We will be heading to Thanksgiving with my wife’s family this year. Her family always has a good time together. There will be lots of family; aunts, uncles, cousins, babies, and the matriarch of the family, Grandma Betty. We will eat some great food and then head out to the pasture to shoot some guns and blow stuff up. Something to be thankful for.
Let me know if you try it out and how your family likes it. Happy Thanksgiving!
This is hands down my favorite side dish. Perfect for the holiday table!

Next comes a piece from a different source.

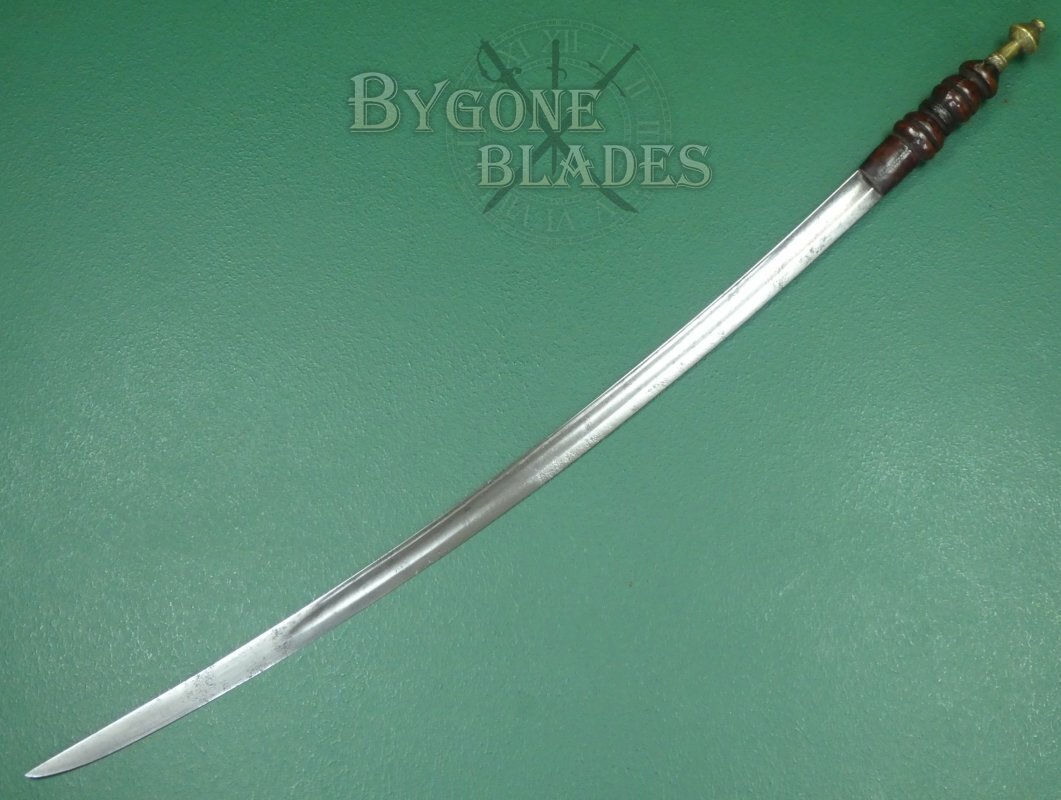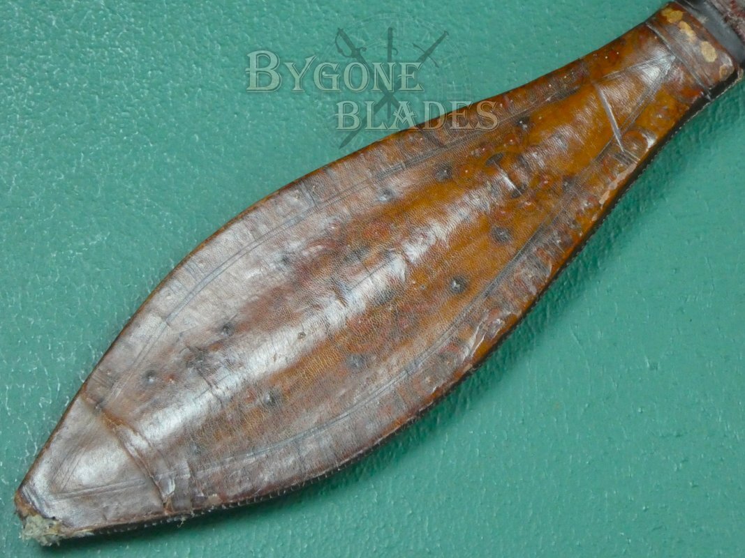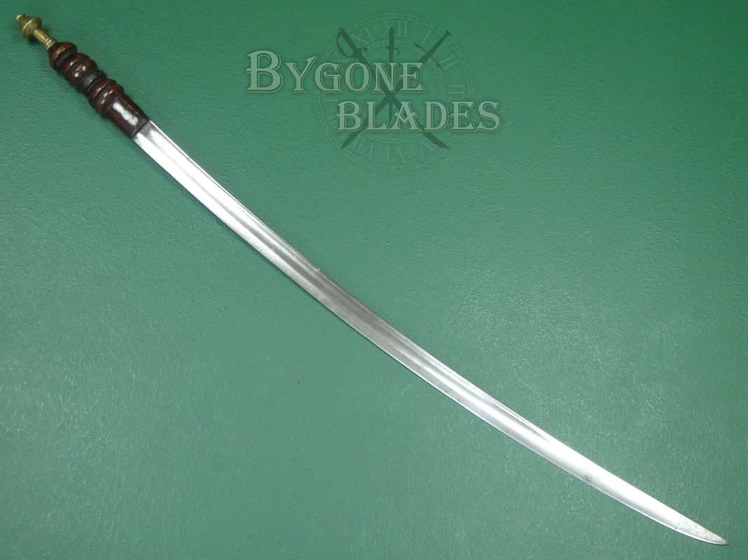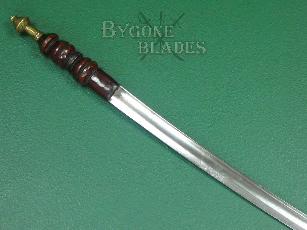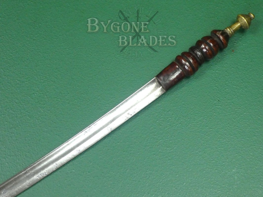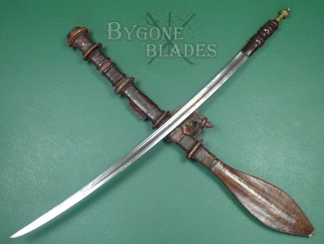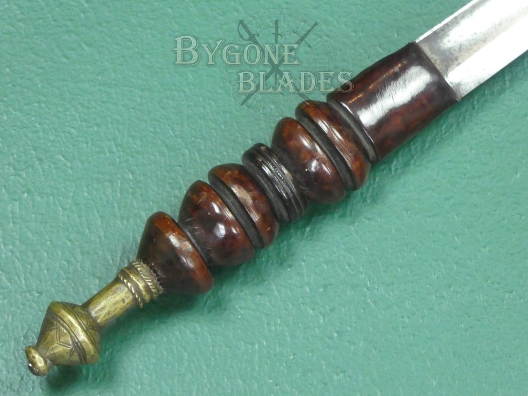 The sword is complete with its beautiful scabbard. The wooden scabbard is covered with leather and decorated with a shield-like rondel and woven and punched leather panels separated by leather disks. The paddle-shaped end of the scabbard is intricately and colourfully decorated. The scabbard is truly a work of art and is in overall good condition. The sword sheathes and draws smoothly and is held firmly within the scabbard.

- 2 1/2 lb fresh broccoli or 2 bags frozen broccoli florets
- 6 tbsp butter, divided
- 1 ½ cup finely chopped button mushrooms
- ½ tsp xanthan gum
- 1 cup heavy cream
- ½ cup chicken stock
- ½ cup sour cream
- 1 cup finely chopped yellow onion
- 1 egg, lightly beaten
- 1 ½ cups grated cheddar cheese, divided
- ½ cup grated mozzarella cheese
- 4 tbsp almond flour
- 1 tbsp coconut flour
- 2 tbsp Kerry Gold butter, melted
- Preheat oven to 400F.
- In a medium bowl, combine mozzarella cheese, almond flour, and coconut flour. Mix well. Stir in the melted butter.
- Spread the mixture out on the parchment, forming a thin rectangle shape.
- Bake for 20-25 minutes, watching to ensure it doesn't get too dark. It will crisp as it cools.
- Reduce oven temperature to 350F. Grease a casserole dish.
- If using fresh broccoli, boil for about 4 minutes. Transfer to a colander and rinse with cold water to stop the cooking process. If using frozen, cook for 5-6 minutes to thaw the broccoli. Once cooked, place in a large mixing bowl.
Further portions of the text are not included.